TASK ITEM
For the data below, retype word for word the lines from the one containing "量学大讲堂姜灵海-归零启航2017年11-12月第4期股票视频教程【39-53课时 15视频 】" through the one containing "Holzbühne nach barockem"; drop the pictures.

DATA RECORDS

-- -- --

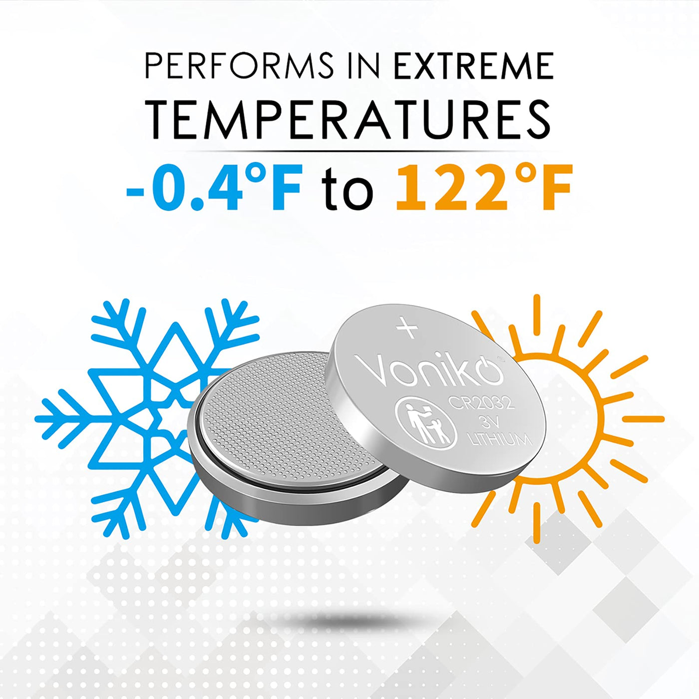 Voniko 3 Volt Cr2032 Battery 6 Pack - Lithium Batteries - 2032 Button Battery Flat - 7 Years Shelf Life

-- -- --

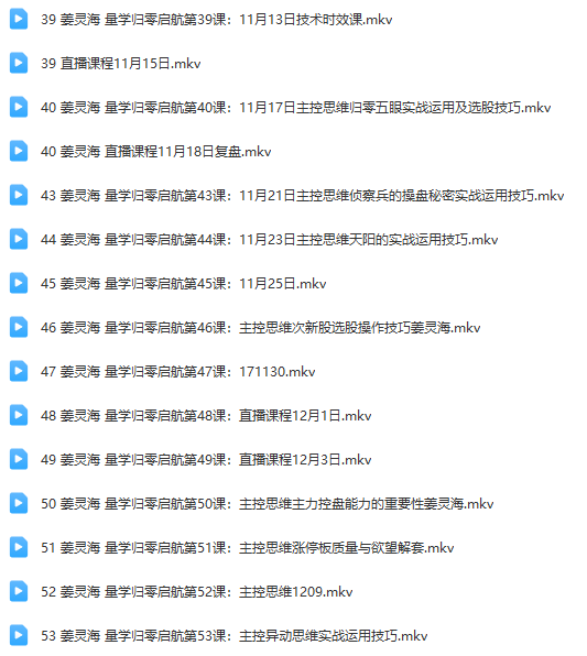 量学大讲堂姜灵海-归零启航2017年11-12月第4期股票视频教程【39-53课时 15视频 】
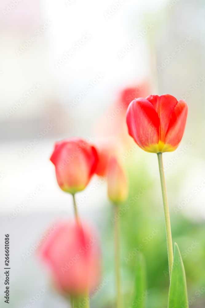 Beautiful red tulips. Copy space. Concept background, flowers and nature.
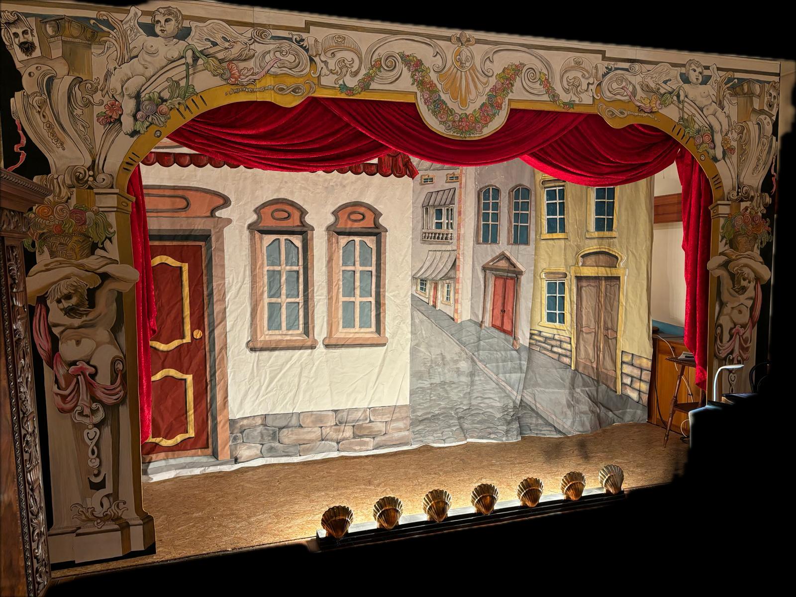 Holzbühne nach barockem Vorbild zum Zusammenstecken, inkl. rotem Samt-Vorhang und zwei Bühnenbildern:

-- -- --

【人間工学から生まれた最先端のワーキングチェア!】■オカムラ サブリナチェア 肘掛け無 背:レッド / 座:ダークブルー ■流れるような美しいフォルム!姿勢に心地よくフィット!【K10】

-- -- --

RESULT OF THIS TASK
 量学大讲堂姜灵海-归零启航2017年11-12月第4期股票视频教程【39-53课时 15视频 】
 Beautiful red tulips. Copy space. Concept background, flowers and nature.
 Holzbühne nach barockem Vorbild zum Zusammenstecken, inkl. rotem Samt-Vorhang und zwei Bühnenbildern:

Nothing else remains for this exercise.